# Any way to filter by "Unread Threads"?



## astrohip (Jan 7, 2003)

Is there a way to only show unread threads in a forum? Not "never visited", just ones that have posts I haven't seen?

It doesn't matter if it's something I have to apply each time.

Thanks!


----------



## JoeKustra (Dec 7, 2012)

astrohip said:


> Is there a way to only show unread threads in a forum? Not "never visited", just ones that have posts I haven't seen?
> It doesn't matter if it's something I have to apply each time.
> Thanks!


A thread in a forum that has threads that I haven't read has a dot before the name. Is that what you mean? A forum with unread posts in any thread has the TiVo icon dark, nothing new it's gray.


----------



## astrohip (Jan 7, 2003)

JoeKustra said:


> A thread in a forum that has threads that I haven't read has a dot before the name. Is that what you mean? A forum with unread posts in any thread has the TiVo icon dark, nothing new it's gray.

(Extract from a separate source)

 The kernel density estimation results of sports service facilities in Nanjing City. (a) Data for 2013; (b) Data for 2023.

Thanks. That's what I use now. What I was looking for is a filter/setting where ONLY those unread (dot) threads are listed. Where the read threads aren't even listed.


----------



## JoeKustra (Dec 7, 2012)

astrohip said:


> Thanks. That's what I use now. What I was looking for is a filter/setting where ONLY those unread (dot) threads are listed. Where the read threads aren't even listed.


I see. Well, I have hidden many forums, so my display almost fits on one screen. If I need a hidden forum, there is the short cut icon on the top & bottom of every page.


----------



## astrohip (Jan 7, 2003)

Maybe I should describe what I'm trying to do... it's possible I'm unaware of an easy way to achieve it...

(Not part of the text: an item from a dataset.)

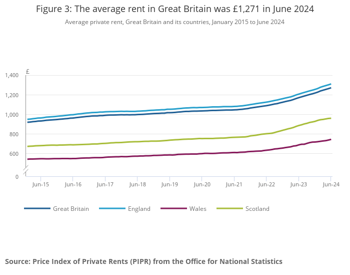 Figure 3: The average rent in Great Britain was £1,271 in June 2024
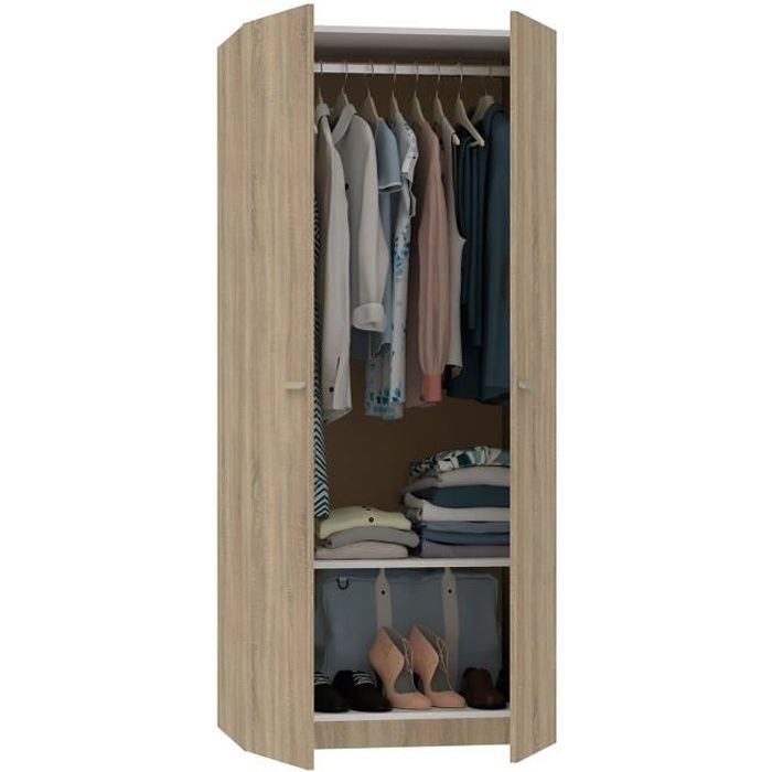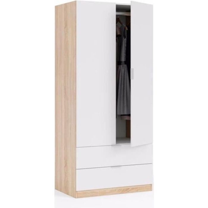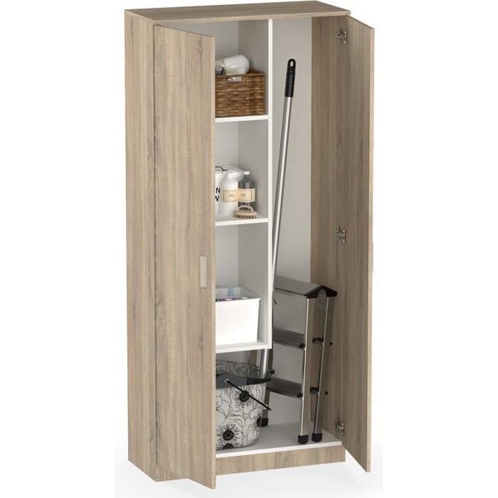 Armoire Meuble de rangement 2 portes coloris Cambrian - Hauteur 180 x Longueur 80 x Profondeur 35 cm

I have a couple forum (Ex: TV Talk) where I subscribe to many threads. I'll visit new posts in those threads, several times a day, via "Watched Threads". Or some I have as hot threads (my own term), and I get an email when there is activity. In either case, I visit the threads directly, and not thru the forum.

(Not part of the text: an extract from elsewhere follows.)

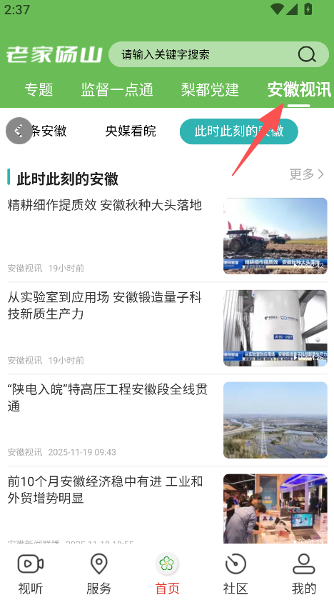 2、视频观看功能,提供安徽本地新闻、文体活动等视频内容,助力用户通过视听形式获取资讯,丰富信息获取渠道。

Then every day or two, I'll visit the forum itself, looking for new threads, or activity on threads I don't subscribe to. The problem is I have a page full of threads (20/page), and many of them are already visited. I was looking for a way to only see the threads with new activity, I haven't visited yet. The "dot" threads.

Clear as mud?

Yeah, first world minor problem, but I figured it was worth asking.


----------



## krkaufman (Nov 25, 2003)

Recent Posts | TiVoCommunity Forum ???


----------



## astrohip (Jan 7, 2003)

krkaufman said:


> Recent Posts | TiVoCommunity Forum ???


Any way to do that for a single forum? I believe that's what I am looking for.


----------



## sakura panda (Apr 6, 2004)

Do you use New Posts? 

I only follow a few forums, so at the top of the front page of the forums that I don't follow, I have selected "Ignore Forum", and those forums do not show up when I use "New Posts". If you don't use that already, you could set it up for checking just that one forum.


----------



## astrohip (Jan 7, 2003)

sakura panda said:


> Do you use New Posts?
> 
> I only follow a few forums, so at the top of the front page of the forums that I don't follow, I have selected "Ignore Forum", and those forums do not show up when I use "New Posts". If you don't use that already, you could set it up for checking just that one forum.


Interesting idea. What other effect does "Ignore Forum" have? For example, can I still see it via direct link? Will I still get responses to threads I follow?

Thanks.


----------



## sakura panda (Apr 6, 2004)

astrohip said:


> Interesting idea. What other effect does "Ignore Forum" have? For example, can I still see it via direct link? Will I still get responses to threads I follow?
> 
> Thanks.


All of the forums do still show up in the forums list on the main page; I think it only works on New Posts but I have only ignored forums that I don't interact with at all, so I don't know what else it does.

There is another board that I am on, where I can select which forums are displayed when I choose "New Posts", and in that one, threads I'm following in forums I am not watching do not show up in the New Posts list, but they do show up in my User CP. I don't know if it works the same here.


----------



## astrohip (Jan 7, 2003)

Thanks!


----------



## sakura panda (Apr 6, 2004)

I started to wonder about it, so yesterday I ignored this forum, and this thread shows up in my Watched Threads but not in New Posts. I didn't dig any deeper than that.


----------